*Exercise instructions*: The full listing, word for word and free of images, is the expected result.

*Given information*:
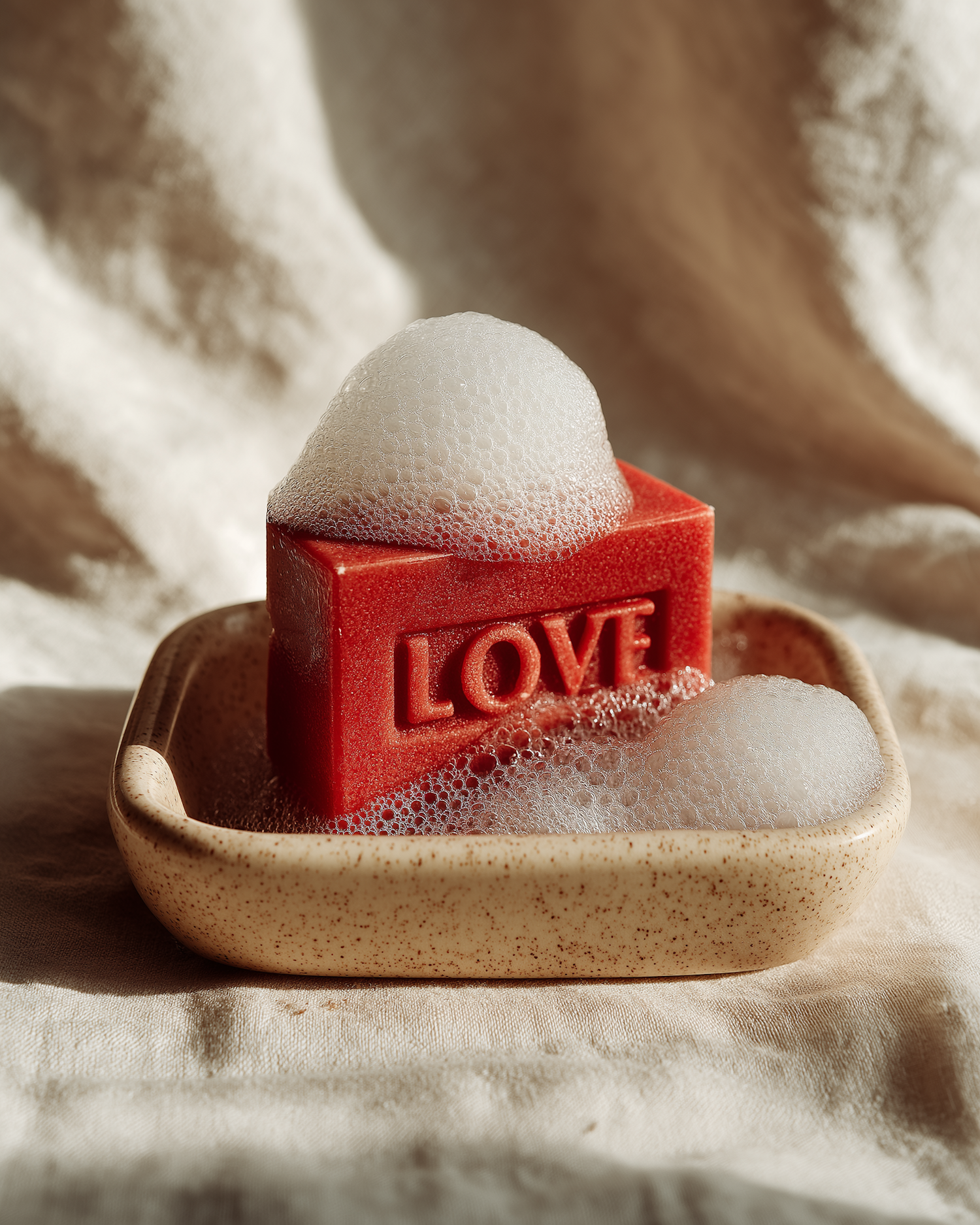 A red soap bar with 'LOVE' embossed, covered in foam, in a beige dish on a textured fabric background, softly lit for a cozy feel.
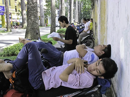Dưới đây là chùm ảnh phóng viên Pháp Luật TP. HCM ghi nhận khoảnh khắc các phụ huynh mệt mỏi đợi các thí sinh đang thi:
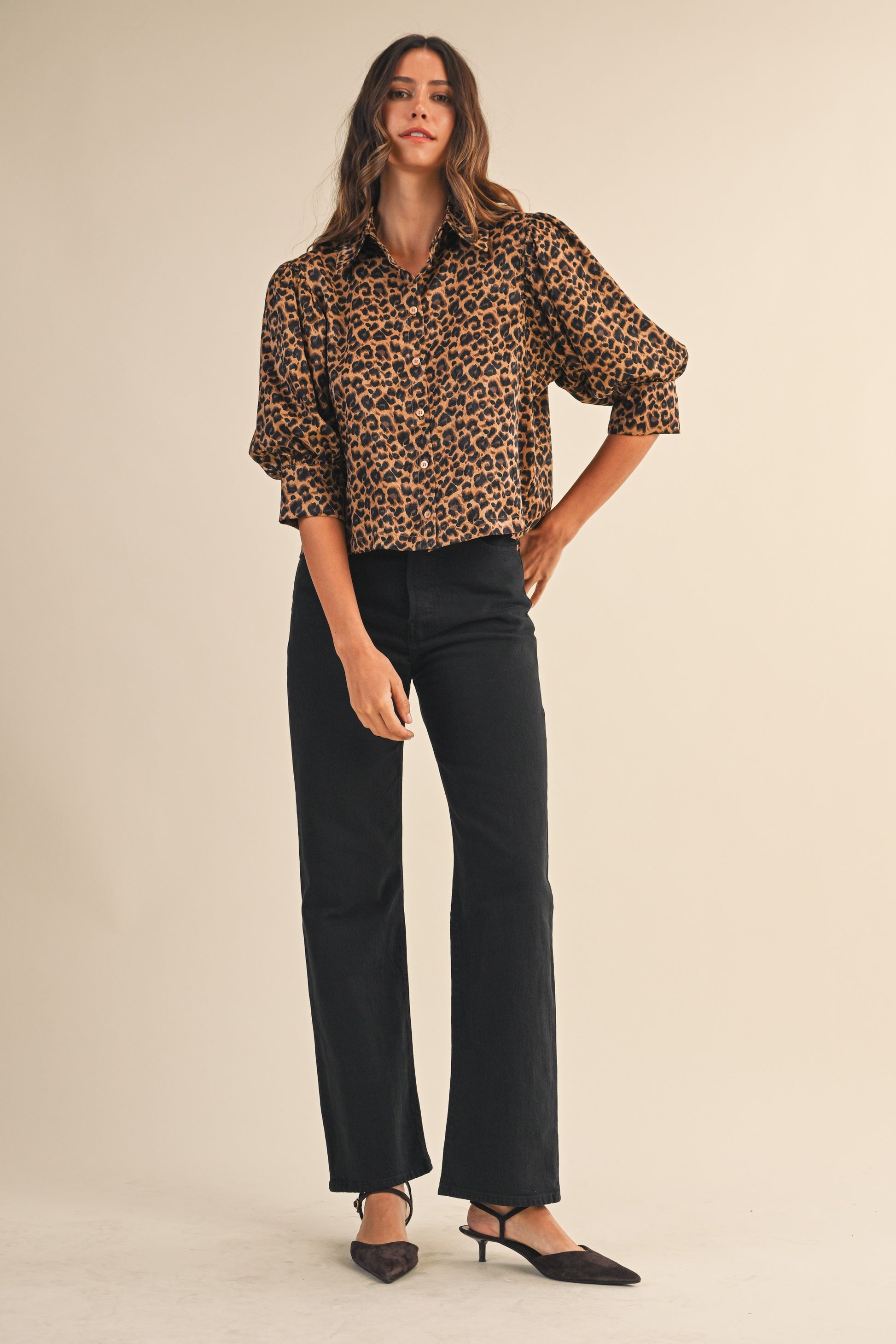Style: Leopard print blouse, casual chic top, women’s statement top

*Response to the exercise*:
 A red soap bar with 'LOVE' embossed, covered in foam, in a beige dish on a textured fabric background, softly lit for a cozy feel.
Dưới đây là chùm ảnh phóng viên Pháp Luật TP. HCM ghi nhận khoảnh khắc các phụ huynh mệt mỏi đợi các thí sinh đang thi:
Style: Leopard print blouse, casual chic top, women’s statement top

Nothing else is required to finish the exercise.